Instructions for the task: For the string "perfect", report how many lines in the records below contain it, and nothing more.

▼

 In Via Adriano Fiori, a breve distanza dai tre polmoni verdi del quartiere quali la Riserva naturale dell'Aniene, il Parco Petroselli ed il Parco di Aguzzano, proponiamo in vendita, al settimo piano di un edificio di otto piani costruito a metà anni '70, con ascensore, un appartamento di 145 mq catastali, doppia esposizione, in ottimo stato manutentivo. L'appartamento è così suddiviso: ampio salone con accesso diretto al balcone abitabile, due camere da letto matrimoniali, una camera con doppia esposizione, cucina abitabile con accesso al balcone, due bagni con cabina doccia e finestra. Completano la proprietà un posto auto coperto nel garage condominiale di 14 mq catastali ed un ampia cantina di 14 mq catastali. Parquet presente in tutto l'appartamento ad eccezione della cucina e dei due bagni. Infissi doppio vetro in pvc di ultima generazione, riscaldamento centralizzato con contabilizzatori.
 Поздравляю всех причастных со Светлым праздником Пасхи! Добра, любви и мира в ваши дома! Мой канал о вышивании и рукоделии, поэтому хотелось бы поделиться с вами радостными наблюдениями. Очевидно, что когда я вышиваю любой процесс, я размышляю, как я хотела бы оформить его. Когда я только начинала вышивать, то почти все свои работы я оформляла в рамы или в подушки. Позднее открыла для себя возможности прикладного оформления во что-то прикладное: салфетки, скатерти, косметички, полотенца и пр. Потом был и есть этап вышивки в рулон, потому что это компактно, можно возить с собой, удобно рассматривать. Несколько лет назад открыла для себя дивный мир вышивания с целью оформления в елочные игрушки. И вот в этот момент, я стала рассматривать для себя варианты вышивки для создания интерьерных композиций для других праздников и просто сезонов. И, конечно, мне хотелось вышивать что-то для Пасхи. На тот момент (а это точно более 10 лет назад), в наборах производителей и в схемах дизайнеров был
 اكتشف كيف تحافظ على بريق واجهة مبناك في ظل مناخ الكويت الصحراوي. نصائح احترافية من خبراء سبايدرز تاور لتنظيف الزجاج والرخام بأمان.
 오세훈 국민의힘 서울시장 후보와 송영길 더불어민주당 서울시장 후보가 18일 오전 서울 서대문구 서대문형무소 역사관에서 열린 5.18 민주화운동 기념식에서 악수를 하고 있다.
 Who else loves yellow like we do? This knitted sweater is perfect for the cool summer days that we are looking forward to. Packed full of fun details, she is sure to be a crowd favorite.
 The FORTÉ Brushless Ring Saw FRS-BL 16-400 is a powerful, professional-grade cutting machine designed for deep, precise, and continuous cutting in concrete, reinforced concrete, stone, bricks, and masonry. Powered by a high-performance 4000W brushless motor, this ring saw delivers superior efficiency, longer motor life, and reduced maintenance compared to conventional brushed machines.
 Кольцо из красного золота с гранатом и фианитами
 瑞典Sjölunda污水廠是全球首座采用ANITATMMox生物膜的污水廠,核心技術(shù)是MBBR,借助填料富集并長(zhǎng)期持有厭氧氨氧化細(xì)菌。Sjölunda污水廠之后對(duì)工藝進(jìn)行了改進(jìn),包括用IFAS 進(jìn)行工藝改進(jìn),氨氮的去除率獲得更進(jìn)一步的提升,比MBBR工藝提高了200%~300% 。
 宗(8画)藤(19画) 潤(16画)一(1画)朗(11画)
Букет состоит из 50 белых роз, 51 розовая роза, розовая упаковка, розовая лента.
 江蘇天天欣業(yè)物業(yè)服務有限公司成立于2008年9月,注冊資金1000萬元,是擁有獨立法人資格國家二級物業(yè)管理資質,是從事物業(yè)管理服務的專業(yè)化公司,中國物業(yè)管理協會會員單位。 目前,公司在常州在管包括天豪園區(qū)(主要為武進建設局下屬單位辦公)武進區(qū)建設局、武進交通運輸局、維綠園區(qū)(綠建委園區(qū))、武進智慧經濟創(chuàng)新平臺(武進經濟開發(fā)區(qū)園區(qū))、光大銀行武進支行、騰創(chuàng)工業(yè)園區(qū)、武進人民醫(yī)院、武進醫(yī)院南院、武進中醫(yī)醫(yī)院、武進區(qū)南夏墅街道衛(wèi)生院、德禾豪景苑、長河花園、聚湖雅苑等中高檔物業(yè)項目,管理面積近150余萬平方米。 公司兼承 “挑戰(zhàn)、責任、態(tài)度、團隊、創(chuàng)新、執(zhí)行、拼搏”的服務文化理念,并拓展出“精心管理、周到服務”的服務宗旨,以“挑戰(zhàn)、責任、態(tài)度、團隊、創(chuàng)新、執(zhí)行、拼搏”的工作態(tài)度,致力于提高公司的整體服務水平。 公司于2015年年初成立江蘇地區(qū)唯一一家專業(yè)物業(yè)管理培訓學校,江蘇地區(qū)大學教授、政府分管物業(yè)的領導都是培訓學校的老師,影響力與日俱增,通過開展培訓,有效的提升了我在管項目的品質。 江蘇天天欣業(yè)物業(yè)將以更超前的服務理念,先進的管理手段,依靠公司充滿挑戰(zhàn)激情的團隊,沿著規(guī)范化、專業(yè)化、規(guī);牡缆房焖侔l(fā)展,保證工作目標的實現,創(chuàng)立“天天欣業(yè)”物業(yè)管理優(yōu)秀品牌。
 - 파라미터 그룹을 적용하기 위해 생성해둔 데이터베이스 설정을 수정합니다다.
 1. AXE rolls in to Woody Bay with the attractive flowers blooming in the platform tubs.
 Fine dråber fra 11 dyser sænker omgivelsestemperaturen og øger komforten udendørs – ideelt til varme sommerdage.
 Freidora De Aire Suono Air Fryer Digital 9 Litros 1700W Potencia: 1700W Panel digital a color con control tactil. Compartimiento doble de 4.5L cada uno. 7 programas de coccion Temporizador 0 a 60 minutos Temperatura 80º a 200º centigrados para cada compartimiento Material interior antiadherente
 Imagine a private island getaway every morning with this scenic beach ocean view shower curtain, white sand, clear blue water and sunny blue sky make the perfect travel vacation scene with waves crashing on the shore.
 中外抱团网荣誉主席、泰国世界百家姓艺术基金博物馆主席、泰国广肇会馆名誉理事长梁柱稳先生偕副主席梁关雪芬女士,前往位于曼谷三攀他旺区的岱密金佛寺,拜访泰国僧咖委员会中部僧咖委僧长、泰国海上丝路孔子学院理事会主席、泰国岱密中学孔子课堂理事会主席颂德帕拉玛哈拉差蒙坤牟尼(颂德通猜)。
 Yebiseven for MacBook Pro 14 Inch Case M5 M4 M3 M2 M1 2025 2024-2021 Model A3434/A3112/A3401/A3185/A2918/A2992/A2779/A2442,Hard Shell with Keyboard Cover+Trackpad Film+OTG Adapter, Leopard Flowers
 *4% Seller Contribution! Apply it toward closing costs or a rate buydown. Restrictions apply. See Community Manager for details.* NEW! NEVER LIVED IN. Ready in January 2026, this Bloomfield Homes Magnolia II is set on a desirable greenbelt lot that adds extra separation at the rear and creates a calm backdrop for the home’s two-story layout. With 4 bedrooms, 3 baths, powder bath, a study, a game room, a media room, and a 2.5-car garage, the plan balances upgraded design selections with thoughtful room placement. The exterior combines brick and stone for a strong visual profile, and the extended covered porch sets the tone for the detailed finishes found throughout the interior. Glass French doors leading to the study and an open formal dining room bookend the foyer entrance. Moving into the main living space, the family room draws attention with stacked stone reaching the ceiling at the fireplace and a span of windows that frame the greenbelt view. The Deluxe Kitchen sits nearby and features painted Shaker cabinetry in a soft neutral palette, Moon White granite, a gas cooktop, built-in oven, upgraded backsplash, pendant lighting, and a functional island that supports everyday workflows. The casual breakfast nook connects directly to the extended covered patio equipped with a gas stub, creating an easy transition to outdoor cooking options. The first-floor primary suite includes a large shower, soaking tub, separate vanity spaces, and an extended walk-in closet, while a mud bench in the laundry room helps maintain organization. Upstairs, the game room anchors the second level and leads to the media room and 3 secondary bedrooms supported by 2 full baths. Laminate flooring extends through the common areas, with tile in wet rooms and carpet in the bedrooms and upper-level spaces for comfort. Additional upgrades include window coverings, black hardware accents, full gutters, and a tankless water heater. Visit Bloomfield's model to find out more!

▲

Solved problem: 2